【ネスペ3問】IPsecからVPNまで(ネットワークスペシャリスト)
このNoteでは、ネスペR06~H21からIPsecの問題だけを集めました。
ネスペにおいてIPsecは最も重要なテーマ。なぜなら暗号化リモートアクセス「VPN」の実現手段だから。
午後問題に必ず絡んできます。在宅ワークが当たり前になり、VPNの需要は一般化しました。私も学生時代に大学にアクセスするために使っていました。
IPsecのモードの選び方、IPsecの暗号化によるルーティングの仕方など深い理解が必要な問題が出てきます。
このNoteではIPsec・構成要素(AH, ESP, IKE)・VPNに至るまでまとめ切りました。できればブクマして繰り返し読んで頂きたいです。
私の全てのNoteは、学生時代の独学合格体験、大学・IT専門学校での授業経験に基づいています。受ける側・教える側の実績があるので、少しでも信用して頂けたら嬉しいです。
それでは始めましょう!
\私の3ヶ月の学習記録/
IPsecはVPNに使われるので重要
IPsecは、ネスペのセキュリティプロトコルの中で一番重要な印象です。
暗号化と云えば、IPsecとSSL/TLSで決まりですね。>SSL/TLSのNote
IPsecはインターネット層のプロトコル(OSIのネットワーク層ぐらい)。IPレベルで暗号化・認証機能追加・改ざん検知などを行えます。

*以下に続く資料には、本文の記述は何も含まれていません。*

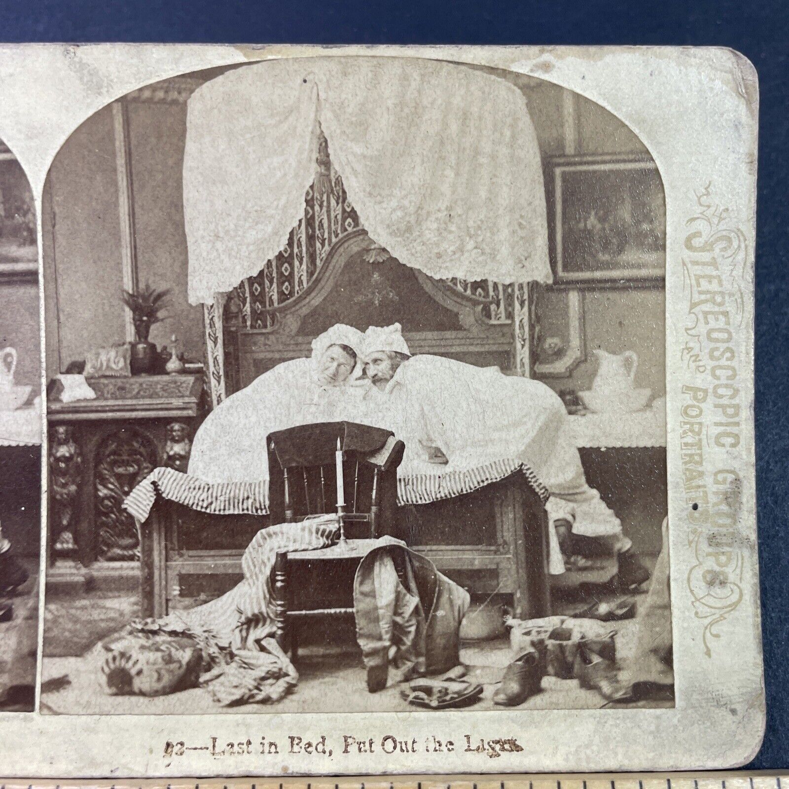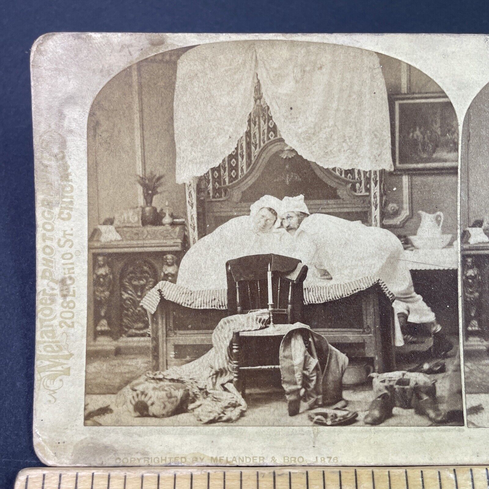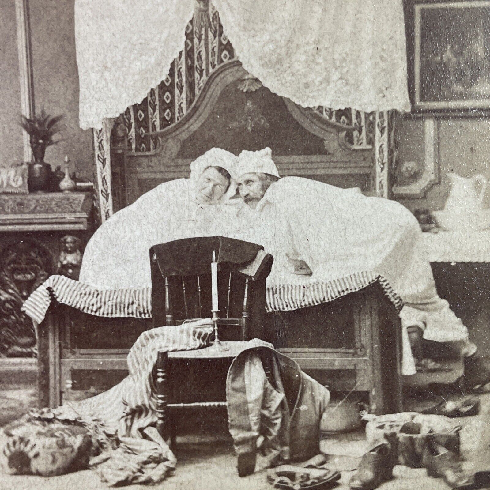 Antique 1876 Married Couple Races Each Other To Bed Stereoview Photo Card P3340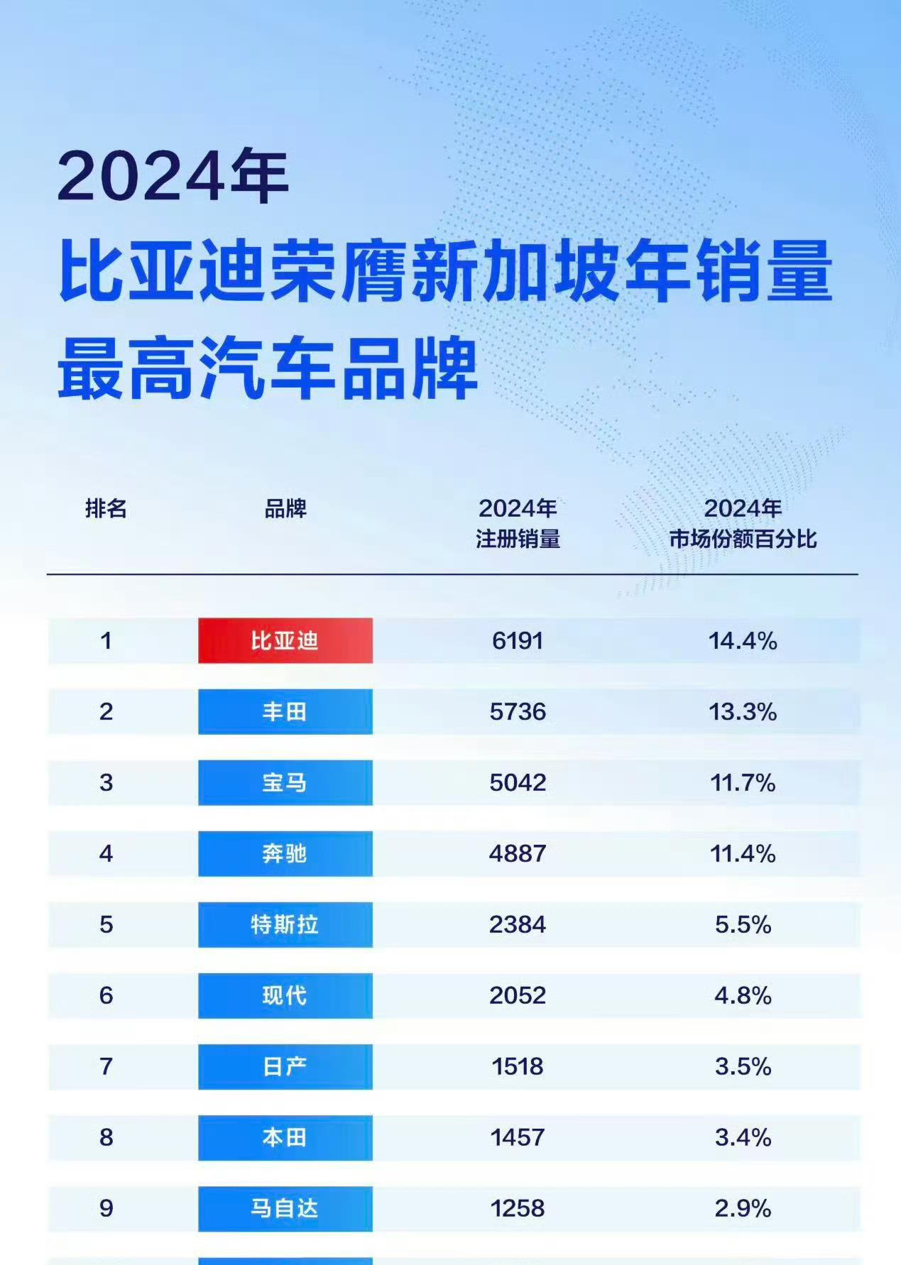 先看乘用车这边,数据漂亮得不像话。新加坡陆路交通管理局把账算得明明白白,2025年全年,比亚迪卖了11184台乘用车,比2024年的6191台翻了快一倍,同比增长80.6%。这还不算完,市占率直接干到了21.2%。什么意思?就是新加坡大街上每开过去5台新车,至少有1台挂的是比亚迪的标。丰田、宝马这些老牌劲旅全被甩在身后,比亚迪是当地唯一一个年销量破万的车企。你要知道,比亚迪2022年才正式进新加坡乘用车市场,两年登顶,三年把差距拉成断档,这速度够不够吓人?

暗号化プロトコルは、HTTPSやSSHやSMTPSなどありますが、アプリケーションごとにしか使えません。HTTPSはWeb、SSHは遠隔操作、SMTPSはメール送信ですね。
例えるなら、鍵付きアタッシュケースを中身に応じて形の違うものを用意して、小包を入れて送るようなもの。
一方、IPsecはIPレベルで暗号化するので、Webでも遠隔操作でもメールでも気にせず全てセキュリティを高めることができます。
VPNは暗号通信路を作る技術です。IPsecを使って実現します(正確にはPPTPを使う方式もありますが気にせず)。
VPNで一度暗号通信路を作ってしまえば、その中で暗号化していないHTTPやTelnetやSMTPを使っても大丈夫。
例えるなら、外から見えないパイプやトンネルを作って、その中で小包を送るようなもの。
IPsecとVPNのモードが問題的に重要
午後問題では、プロトコルの名前や「モード」がよく問われます。
知らないと失点が確定。今後過去問やテキストで遭遇したら、ノートの裏に書き出した方が良いですね。
IPsecには2つのモード、VPNにも2つのモードがあるので要注意。モードは午後問題でよく問われます。
IPsecは使用環境によって適切なモードを選びます。
メインモード:IPアドレスが固定の場合に使う。LAN間接続を想定。
アグレッシブモード:IPアドレスが変わる場合に使う。リモートアクセスを想定。
VPNも2つのモードがあります。暗号化される場所・データ領域・準備作業などの違いを理解しておきます。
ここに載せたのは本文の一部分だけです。